I’ve retested again and everything works smoothly now
So from my side we can close this.
THANKS a lot @FraPochetti and @sgugger for your work to fix this issue. It’s been a pleasure working with you!
If you have class = {0,1} and you want to use RocAUc
class{0,1} are complementary like cats & dogs.
learn = cnn_learner(dls, resnet34, metrics=[accuracy])
learn.fine_tune(1)
What’s the best way to invoke it?
I don’t see examples here
Hi Gerardo,
Sorry for the late reply, but I was out last week.
- You should select the appropriate metric:
- RocAucBinary: for single-label binary
- RocAuc: for single-label multi-class
- RocAucMulti/ APSMulti: for multi-label
- In your case (binary classification):
learn = cnn_learner(dls, resnet34, metrics=[accuracy, RocAucBinary()])
@oguiza You are always super helpful
What is the purpose of the axis?
RocAucBinary
(axis
=-1
,average
='macro'
,sample_weight
=None
,max_fpr
=None
,multi_class
='raise'
)
Thanks @gerardo.
axis is just a value used by skm_to_fastai, but AFAIK it doesn’t need to be changed for any of the RocAuc variants.
I’m using RocAuc() for the US Income dataset something like this
to = TabularPandas(df, procs=[Categorify, FillMissing,Normalize],
cat_names = ['workclass', 'education', 'marital.status', 'occupation', 'relationship', 'race','sex','native.country'],
cont_names = ["fnlwgt","capital.gain","capital.loss","hours.per.week","age"],
y_names='income',
splits=splits)
dls = to.dataloaders(bs=64)
learn = tabular_learner(dls, metrics=[RocAuc()])
It’s giving me an error like this
AttributeError Traceback (most recent call last)
<ipython-input-59-8fd4c17131d7> in <module>
----> 1 learn = tabular_learner(dls, metrics=[RocAuc()])
<ipython-input-36-803d668dbfd6> in RocAuc(axis, average, sample_weight, max_fpr, multi_class, labels)
56 "Area Under the Receiver Operating Characteristic Curve for single-label multi-class classification problems"
57 return skm_to_fastai(skm.roc_auc_score, axis=axis, flatten=False, softmax=True, proba=True,
---> 58 average=average, sample_weight=sample_weight, max_fpr=max_fpr, multi_class=multi_class, labels=labels)
59
60 def RocAucMulti(axis=-1, average='macro', sample_weight=None, max_fpr=None):
<ipython-input-36-803d668dbfd6> in skm_to_fastai(func, is_class, thresh, axis, sigmoid, softmax, proba, **kwargs)
36 sigmoid = sigmoid if sigmoid is not None else (is_class and thresh is not None)
37 return AccumMetric(func, dim_argmax=dim_argmax, sigmoid=sigmoid, softmax=softmax, proba=proba, thresh=thresh,
---> 38 to_np=True, invert_arg=True, **kwargs)
39
40 def APScore(axis=-1, average='macro', pos_label=1, sample_weight=None):
<ipython-input-36-803d668dbfd6> in __init__(self, func, dim_argmax, sigmoid, softmax, proba, thresh, to_np, invert_arg, flatten, **kwargs)
3 def __init__(self, func, dim_argmax=None, sigmoid=False, softmax=False, proba=False, thresh=None, to_np=False, invert_arg=False,
4 flatten=True, **kwargs):
----> 5 store_attr(self,'func,dim_argmax,sigmoid,softmax,proba,thresh,flatten')

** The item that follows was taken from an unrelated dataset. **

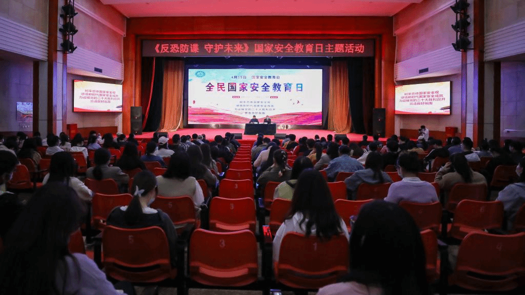在4月15日国家安全教育日来临之际,beat365中文官方网站邀请从事检察工作近30年的三级高级检察官李松义为学生讲解如何反恐防谍,近300名学生在现场聆听报告。

6 self.to_np,self.invert_args,self.kwargs = to_np,invert_arg,kwargs
7
/opt/conda/lib/python3.7/site-packages/fastcore/basics.py in store_attr(names, self, but, cast, **attrs)
275 if self: args = ('self', *args)
276 else: self = fr.f_locals[args[0]]
--> 277 if not hasattr(self, '__stored_args__'): self.__stored_args__ = {}
278 anno = annotations(self) if cast else {}
279 if not attrs:
AttributeError: 'str' object has no attribute '__stored_args__'
Can someone please guide me where I’m going wrong??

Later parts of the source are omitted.